==== DATA FOR THIS TASK
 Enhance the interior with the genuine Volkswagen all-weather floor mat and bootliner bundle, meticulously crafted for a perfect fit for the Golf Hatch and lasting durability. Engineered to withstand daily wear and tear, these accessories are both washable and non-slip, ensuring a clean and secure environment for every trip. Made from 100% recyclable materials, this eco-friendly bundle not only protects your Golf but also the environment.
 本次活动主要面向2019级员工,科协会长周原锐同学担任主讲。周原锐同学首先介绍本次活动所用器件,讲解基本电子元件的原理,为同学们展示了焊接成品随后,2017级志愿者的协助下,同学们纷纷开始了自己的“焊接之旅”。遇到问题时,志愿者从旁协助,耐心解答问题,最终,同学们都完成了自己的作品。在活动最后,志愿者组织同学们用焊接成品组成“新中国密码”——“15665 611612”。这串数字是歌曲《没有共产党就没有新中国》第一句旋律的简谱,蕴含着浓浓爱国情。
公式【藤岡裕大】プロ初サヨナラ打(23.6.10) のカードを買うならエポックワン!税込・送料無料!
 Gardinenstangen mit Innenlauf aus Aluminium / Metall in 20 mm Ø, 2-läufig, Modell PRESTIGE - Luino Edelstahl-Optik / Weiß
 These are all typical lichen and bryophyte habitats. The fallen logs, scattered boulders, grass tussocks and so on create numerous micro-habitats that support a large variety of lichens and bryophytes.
========
==== DATA FOR THIS TASK
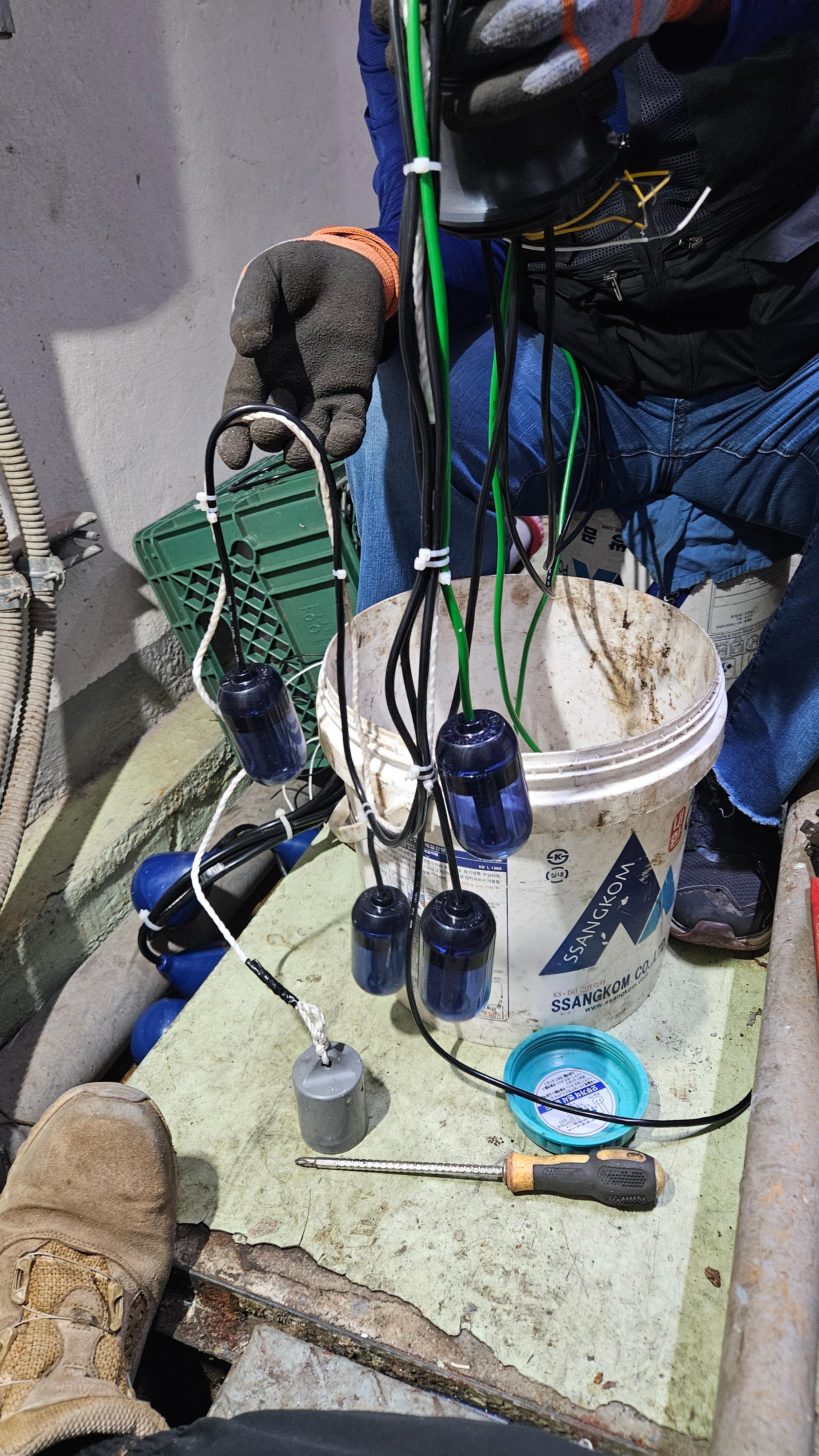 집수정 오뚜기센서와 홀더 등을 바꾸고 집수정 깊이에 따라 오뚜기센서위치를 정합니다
========
==== DATA FOR THIS TASK
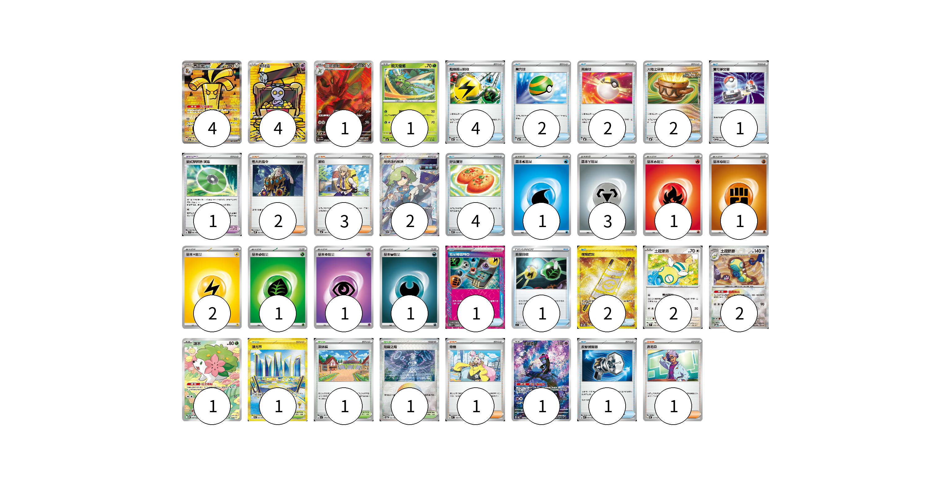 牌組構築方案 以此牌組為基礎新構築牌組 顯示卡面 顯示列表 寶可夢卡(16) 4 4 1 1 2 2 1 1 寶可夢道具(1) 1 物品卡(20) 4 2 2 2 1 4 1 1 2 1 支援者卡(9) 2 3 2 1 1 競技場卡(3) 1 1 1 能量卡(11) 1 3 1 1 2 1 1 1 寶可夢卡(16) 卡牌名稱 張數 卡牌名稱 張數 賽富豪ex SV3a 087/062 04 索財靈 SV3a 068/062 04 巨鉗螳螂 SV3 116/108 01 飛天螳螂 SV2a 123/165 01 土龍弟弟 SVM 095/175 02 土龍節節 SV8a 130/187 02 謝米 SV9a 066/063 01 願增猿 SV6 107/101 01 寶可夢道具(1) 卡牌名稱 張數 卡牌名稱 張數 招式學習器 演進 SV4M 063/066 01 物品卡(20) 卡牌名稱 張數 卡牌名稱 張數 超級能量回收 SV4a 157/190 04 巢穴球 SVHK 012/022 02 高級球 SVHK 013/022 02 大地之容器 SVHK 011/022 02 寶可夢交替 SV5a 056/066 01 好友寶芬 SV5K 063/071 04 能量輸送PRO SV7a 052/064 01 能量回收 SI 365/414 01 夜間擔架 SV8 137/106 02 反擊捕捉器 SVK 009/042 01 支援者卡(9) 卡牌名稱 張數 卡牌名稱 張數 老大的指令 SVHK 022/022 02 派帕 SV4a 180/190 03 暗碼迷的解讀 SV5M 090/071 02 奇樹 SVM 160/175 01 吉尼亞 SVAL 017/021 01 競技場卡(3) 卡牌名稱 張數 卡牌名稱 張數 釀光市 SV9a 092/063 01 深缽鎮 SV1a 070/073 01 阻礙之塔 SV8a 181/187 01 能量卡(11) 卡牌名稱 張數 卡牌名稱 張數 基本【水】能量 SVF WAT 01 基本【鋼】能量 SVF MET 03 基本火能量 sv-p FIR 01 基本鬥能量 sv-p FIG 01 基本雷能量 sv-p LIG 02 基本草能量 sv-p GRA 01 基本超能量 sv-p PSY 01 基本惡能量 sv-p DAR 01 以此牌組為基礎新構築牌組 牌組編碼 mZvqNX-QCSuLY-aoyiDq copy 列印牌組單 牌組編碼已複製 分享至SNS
========
# TASK:
All that should be written out is the stretch of lines above between the one holding "Enhance the interior" and the one holding "These are all", inclusive, exactly as given.

# EXERCISE RESULT:
 Enhance the interior with the genuine Volkswagen all-weather floor mat and bootliner bundle, meticulously crafted for a perfect fit for the Golf Hatch and lasting durability. Engineered to withstand daily wear and tear, these accessories are both washable and non-slip, ensuring a clean and secure environment for every trip. Made from 100% recyclable materials, this eco-friendly bundle not only protects your Golf but also the environment.
 本次活动主要面向2019级员工,科协会长周原锐同学担任主讲。周原锐同学首先介绍本次活动所用器件,讲解基本电子元件的原理,为同学们展示了焊接成品随后,2017级志愿者的协助下,同学们纷纷开始了自己的“焊接之旅”。遇到问题时,志愿者从旁协助,耐心解答问题,最终,同学们都完成了自己的作品。在活动最后,志愿者组织同学们用焊接成品组成“新中国密码”——“15665 611612”。这串数字是歌曲《没有共产党就没有新中国》第一句旋律的简谱,蕴含着浓浓爱国情。
公式【藤岡裕大】プロ初サヨナラ打(23.6.10) のカードを買うならエポックワン!税込・送料無料!
 Gardinenstangen mit Innenlauf aus Aluminium / Metall in 20 mm Ø, 2-läufig, Modell PRESTIGE - Luino Edelstahl-Optik / Weiß
 These are all typical lichen and bryophyte habitats. The fallen logs, scattered boulders, grass tussocks and so on create numerous micro-habitats that support a large variety of lichens and bryophytes.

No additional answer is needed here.